The statute does not set out a specific time frame for annual reviews.

Merryfield's first argument is that the district court erroneously concluded that the annual reviews of persons confined in the SPTP do not have to take place within any specific time frame. To this end, Merryfield contends: (1) K.S.A. 2014 Supp. 59-29a08 creates a time frame for annual reviews that courts must follow; (2) failure to hold timely annual reviews violates the Due Process Clause of the Fourteenth Amendment to the United States Constitution; and, (3) current review practices violate sexually violent predator's equal protection rights by treating them differently than others who are involuntarily committed to mental health treatment facilities.

The time limits set forth in K.S.A. 2014 Supp. 59-29a08 are directory, not mandatory.

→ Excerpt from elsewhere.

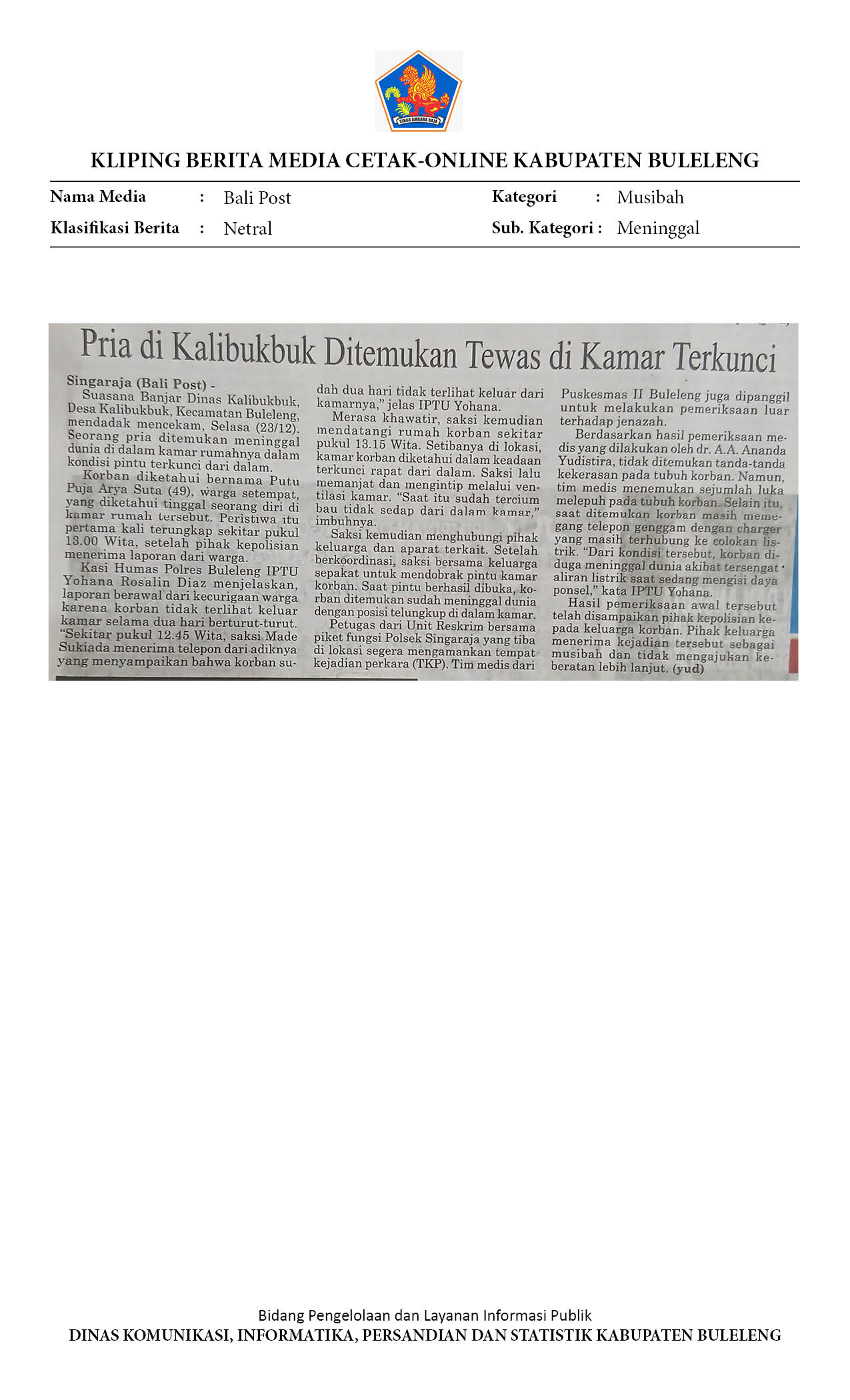 PRIA DI KALIBUKBUK DITEMUKAN TEWAS SI KAMAR TERKUNCI
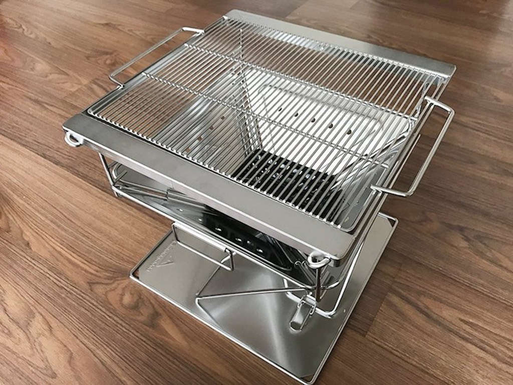 Độ cao của vỉ nướng có thể điều chỉnh giúp mặt vỉ nướng không tiếp xúc quá gần với than, tránh thức ăn bị cháy khi nướng.Khi gấp gọn, bếp nướng được đựng trong túi vải chống nước có quai xách tiện dụng giúp dễ dàng mang đi xa như đi du lịch, dã ngoại, cắm trại, picnic.Thích hợp sử dụng trong các chuyến dã ngoại với 4-5 người. Mặt nướng làm bằng thép không rỉ 304, các phần dưới sử dụng thép chịu nhiệt 201

Merryfield argues that the language of K.S.A. 2014 Supp. 59-29a08 unambiguously requires district courts to review SPTP inmates' mental conditions yearly by the anniversary of their confinement. A plain reading of the statute seems to indicate that Merryfield is at least partially correct—K.S.A. 2014 Supp. 59-29a08(a) calls for a current examination followed by review hearing once every year. However, K.S.A. 2014 Supp. 59-29a08 must be read in the context of the Sexually Violent Predator Act (SVPA) as a whole. See In re Care & Treatment of Hunt, 32 Kan. App. 2d 344, 365, 82 P.3d 861 (2004) (relying on K.S.A. 2002 Supp. 59-29a01 to hold that the 60-day time limit contained in K.S.A. 2002 Supp.